Вдруг самолет стал резко снижаться.
– Веревку бросьте! Бросьте веревку, гады! – закричал страшным голосом так, что у меня заложило на миг уши, Архипка-Авиахим…
Дада и Дула скакали на лошади как бешеные. Дула крепко держал одной рукой за спину Даду, а другой рукой – прижимал к животу конец веревки. Чуть сбоку от них, по пустому песчаному полю, не поспевая за лошадью, но всё же очень быстро бежал милиционер. Он несколько раз ронял и подымал свою форменную фуражку. Оттого что милиционер бежал наискосок, перерезая путь лошади, он вполне мог Даду и Дулу догнать.
– Бэнг! Чёрт! Понял! – взвыл вдруг Архипка и больно ляснул себя ладонью по лбу. – Понял я! Посадил-таки Баро Мануш хлопцев на рыжую лошадь! Она! Она ими правит! Не они ею!..
«Ероплан» опять накренило. Я увидел черные, сгоревшие в зимнем огне виноградники, увидел зеленеющие Турецкие Валы, увидел вдали Очаковские Ворота, через которые входили в наш город Суворов и Ганнибал, увидел цыганских, бегущих за тенью «ероплана» детей. Эти цыганские дети кричали что-то злое и грозили нам кулаками. Они не радовались полету, а словно бы собирались нас за этот полет резать и рвать на части…

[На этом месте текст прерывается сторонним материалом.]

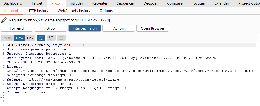 In the previous tutorial, you learned how to intercept a request. We will do the same with level 1 on our target.
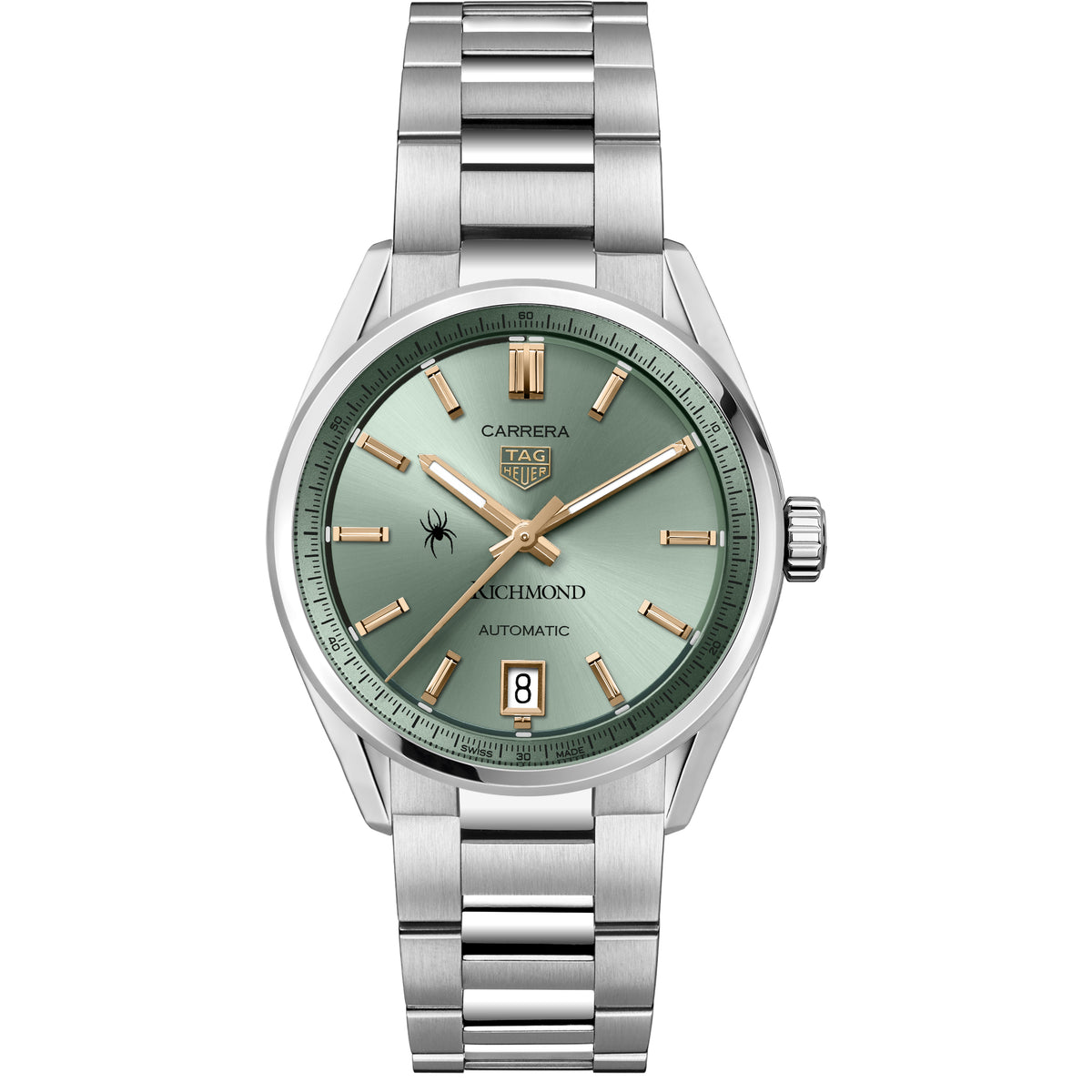 Explore the Richmond Women's TAG Heuer Steel Carrera watch, featuring the Richmond logo on a pastel green sunray brushed dial with 18K 5N rose gold-plated hands and indexes. Equipped with the Calibre 7 movement, it combines style and superior functionality. Complimentary personal engraving.
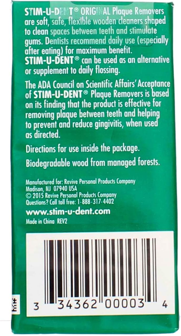 1. Moisten thoroughly in mouth to soften wood. 2. Insert between teeth with narrow flat side next to gums. 3. Use gentle in and out motion to clean between teeth. Do not force into tightly spaced teeth.
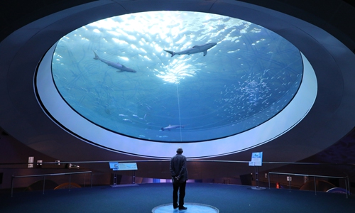 A man watches fish and sharks swim at the Miami Seaquarium on Wednesday, in Miami, Florida. Founded in 1955, it is one of the oldest oceanariums in the US. Photo: AFP
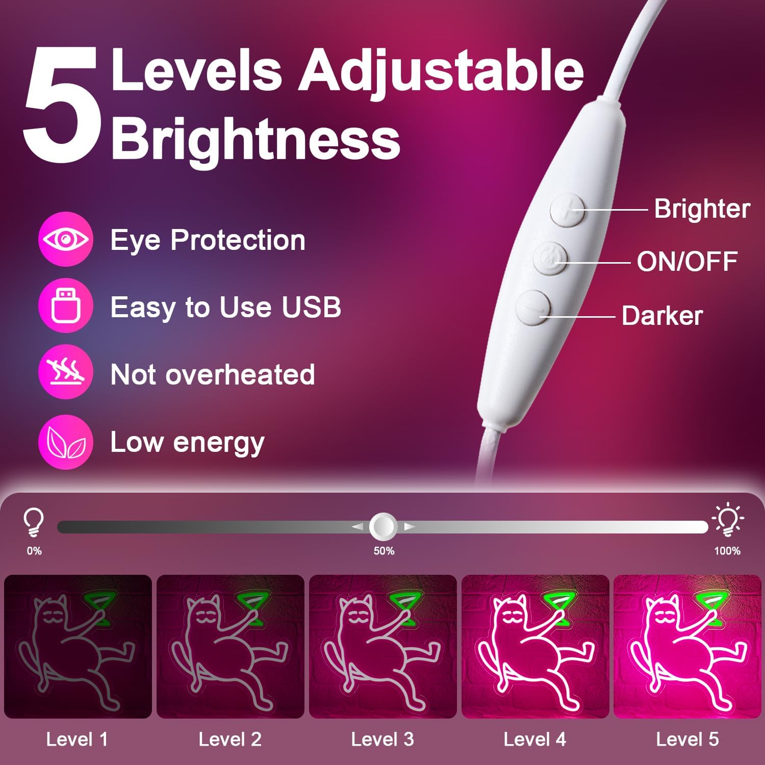 - Lightweight & Easy to Hang – Ready to Rock Any Wall Forget bulky glass neon signs—our acrylic backing is sturdy but lightweight. Pre-drilled holes and hanging chains make it super easy to mount on any wall, whether it’s in a college dorm, man cave, gaming room, bar area, or cat-themed nook. Just plug the USB in, flip the switch, and your new neon buddy is live.
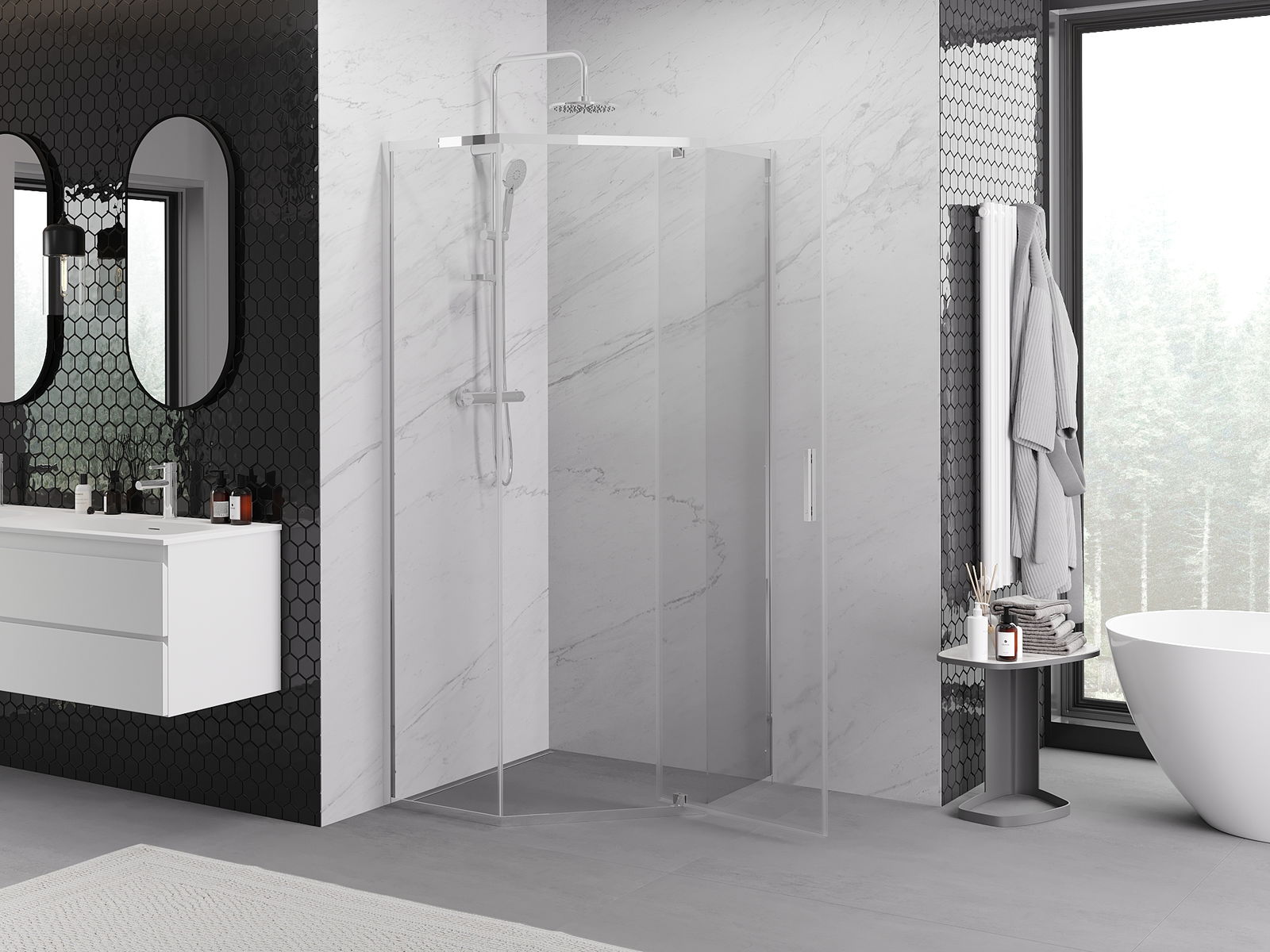 Mexen Exo cabină de duș pentagonală batantă 90 x 90 cm, transparent, crom - 812-090-090-01-00
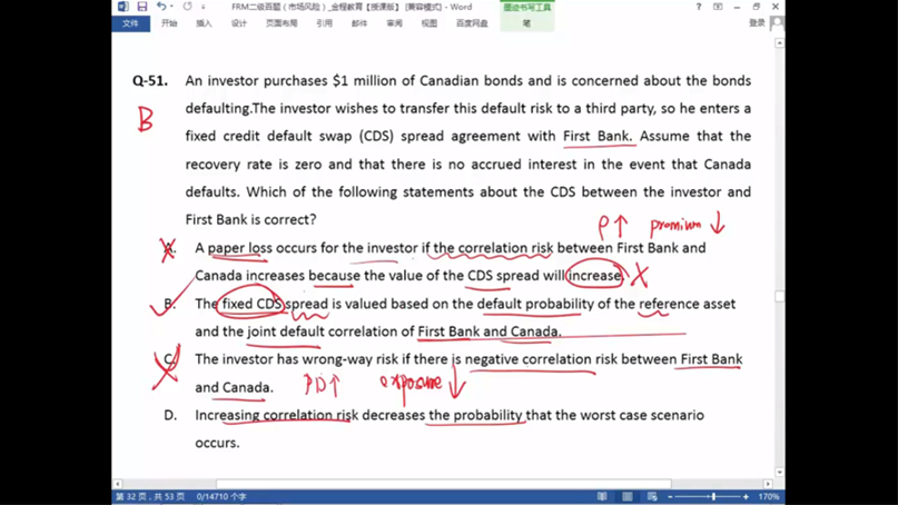 这个C选项为什么是exposure下降呢,investor因为first bank的低违约概率,所以可以拿到赔付,不应该是可以获得现金流入么,那不应该是exposure变大吗
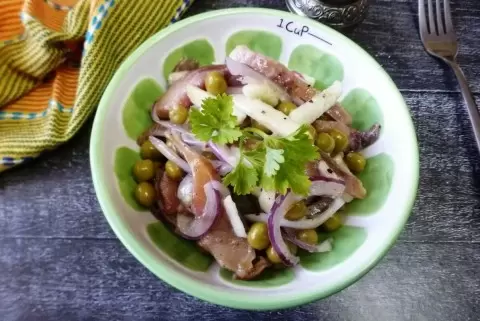 - Консервированный горошек — 4-5 ст. ложек
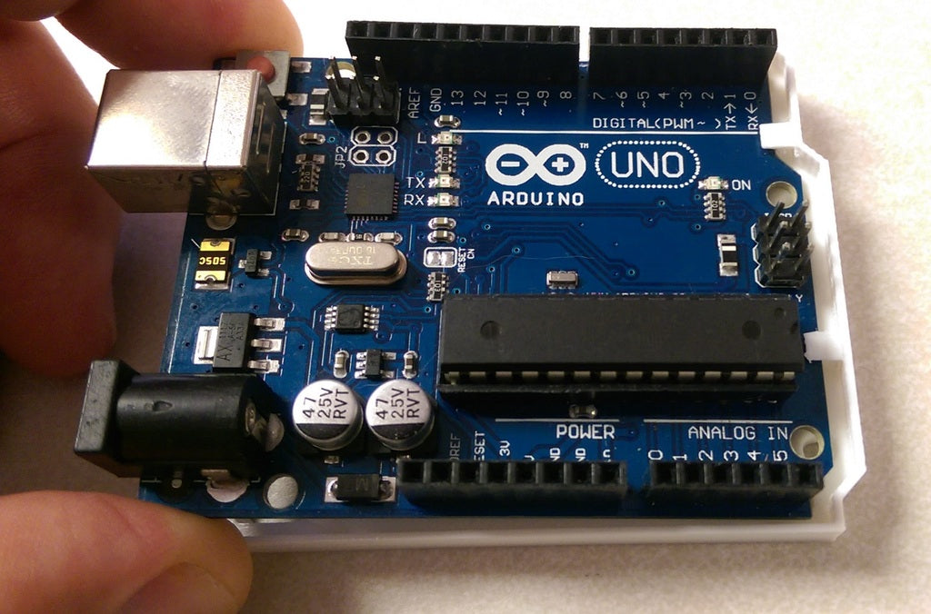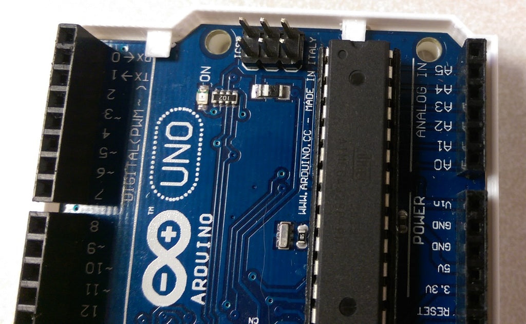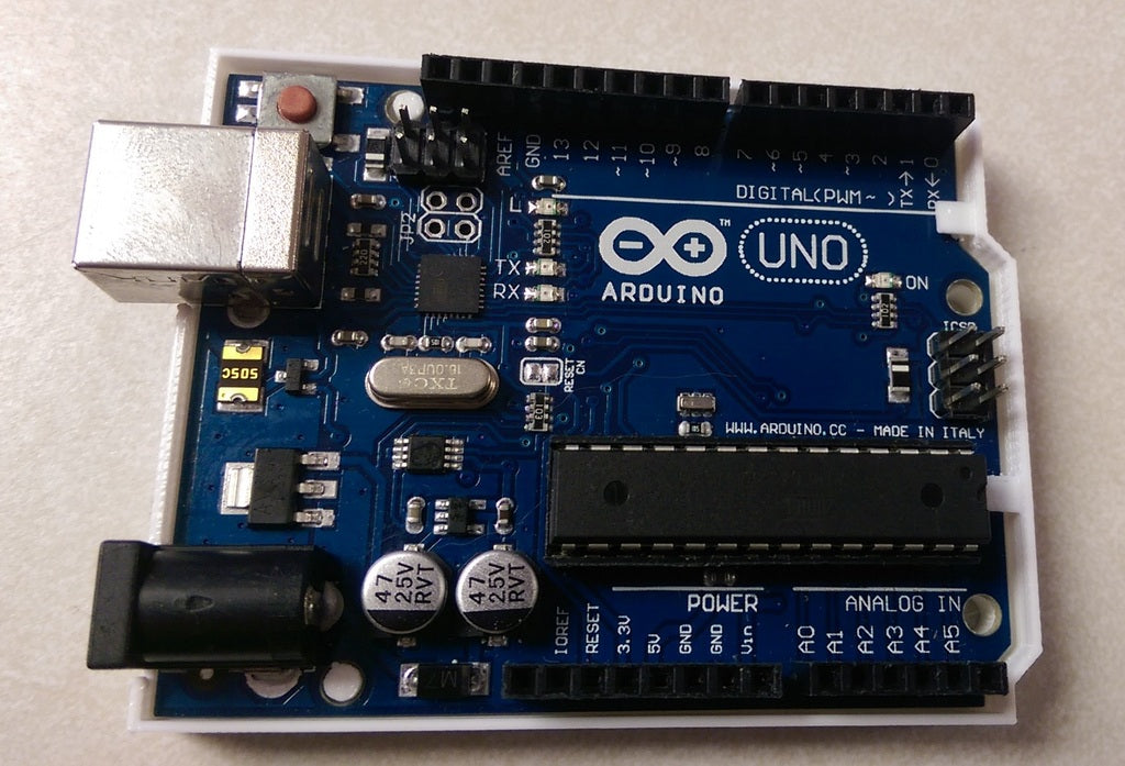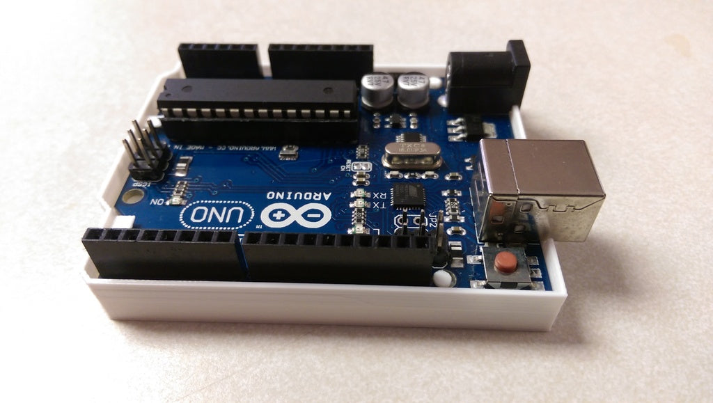 Este es un excelente primer proyecto para estudiantes y entusiastas. Puedes imprimir tu propio parachoques/mini-carcasa Arduino.
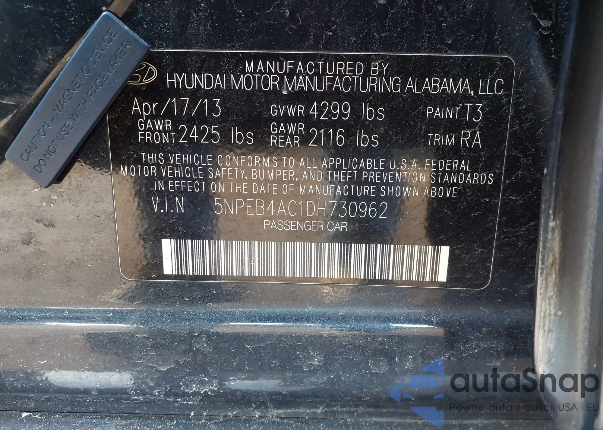 • VIN: 5NPEB4AC1DH730962
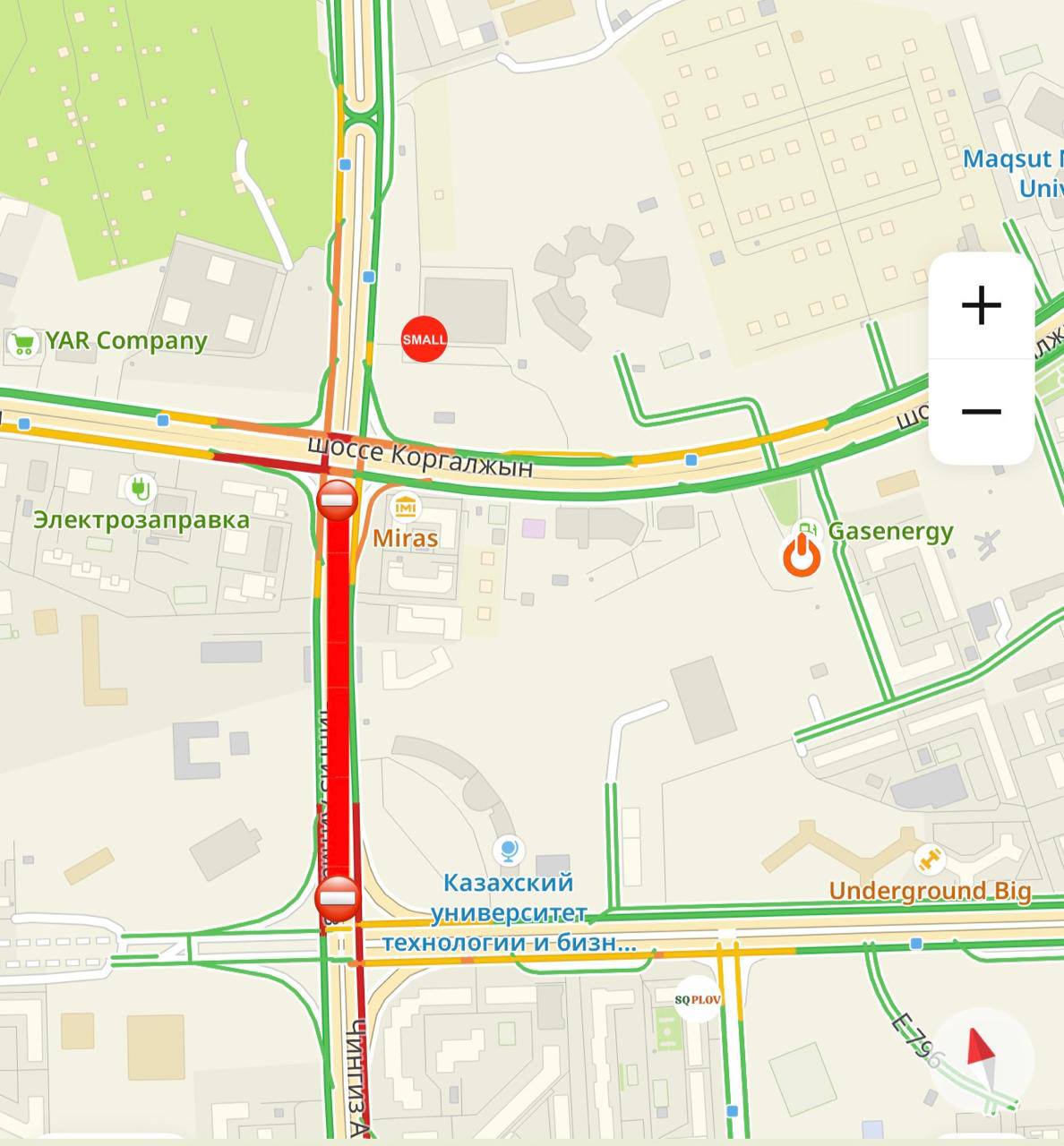 Проезд до 5 июля ограничили на отрезке от улицы Мухамедханова до шоссе Коргалжын. Движение организовали поэтапно в обоих направлениях по одной из сторон.
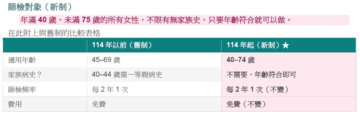 政府自 114 年(2025 年)1 月起大幅擴大了免費篩檢的資格,符合條件的女性可享每 2 年一次免費乳房 X 光攝影。
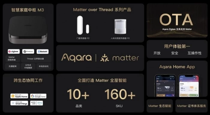 会上,Aqara再次强调全系列 Aqara 的网关可以通过 OTA 升级支持 Matter,用户无需购买新设备,仅需将手中原有的网关设备,如:Aqara 网关 M2,Aqara 网关 M1S 升级固件后即可支持 Matter,并让子设备也支持 Matter,体验到真正的万物互联。
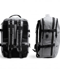 Mochila de viaje realziada en poliéster reciclado RPET, diseñada para comodidad y funcionalidad. Cuenta con espalda y asas acolchadas, 2 bolsillos exteriores frontales y 3 amplios compartimentos principales. Incluye un compartimento acolchado para portátil de 17,3″, salida USB con cable micro USB para conectar un Power Bank (no incluido), y un compartimento transpirable para zapatillas. Con bolsillo antirrobo en la parte trasera y cinta para trolley, ofrece una capacidad de 30 litros para viajes organizados y seguros.
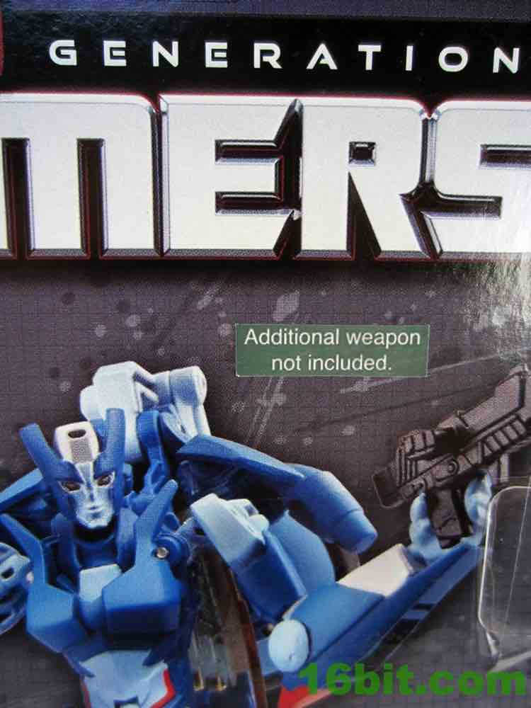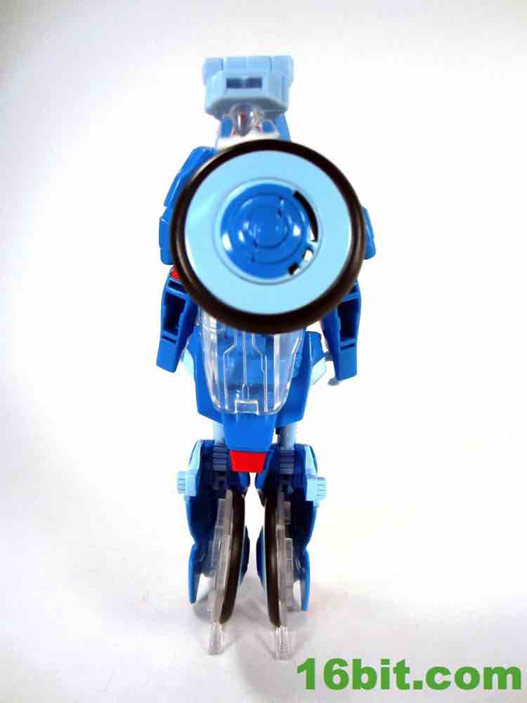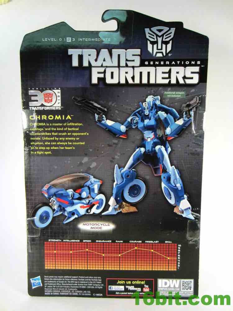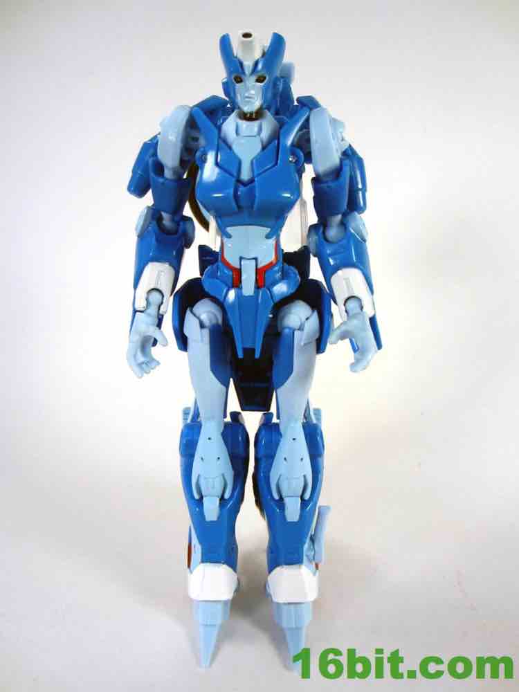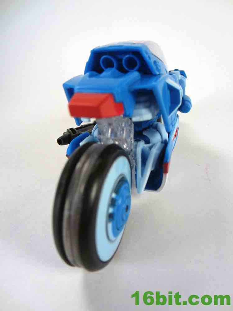 Transformations is pretty painless, everything unfolds nicely and the end result is a good-looking robot with a few articulation issues - specifically, the elbows and the hips. Also, the "windshield" of the bike is not removable to serve like a riot shield, as you saw in the comics. She only has a blaster with which to defend herself, and the back of the package has photography showing her with Arcee's alternate gun. A sticker confirms it isn't included.

В тот день вышли из земли змеи. И я их видел в полете. Змеи вставали на хвосты и шипели вслед цыганскому «ероплану».
В тот день не было гроз и молний, но мне виделся искрящий мелко огонь, переносимый от спаленного винограда к мелким притокам Днепра Ховалой.
В тот день низко по самой земле и над деревьями завивался невиданный ветер – Похвист – и я чувствовал его острые спиральки кончиком носа и языка…
В тот день, покорившись силе своего имени, я видел обернутым назад зрением все, что в песках происходило раньше. Но тут же виденное забывал…
– Бэнг! – крикнул смелый пилот и «дурацкий учитель» Архипка. И я передвинул взгляд с необычной действительности, которая вскипала и опадала сзади – вперед: туда, где была всамделишняя жизнь, а не жизнь, вылупившаяся вдруг из оболочки рябого змеиного яйца…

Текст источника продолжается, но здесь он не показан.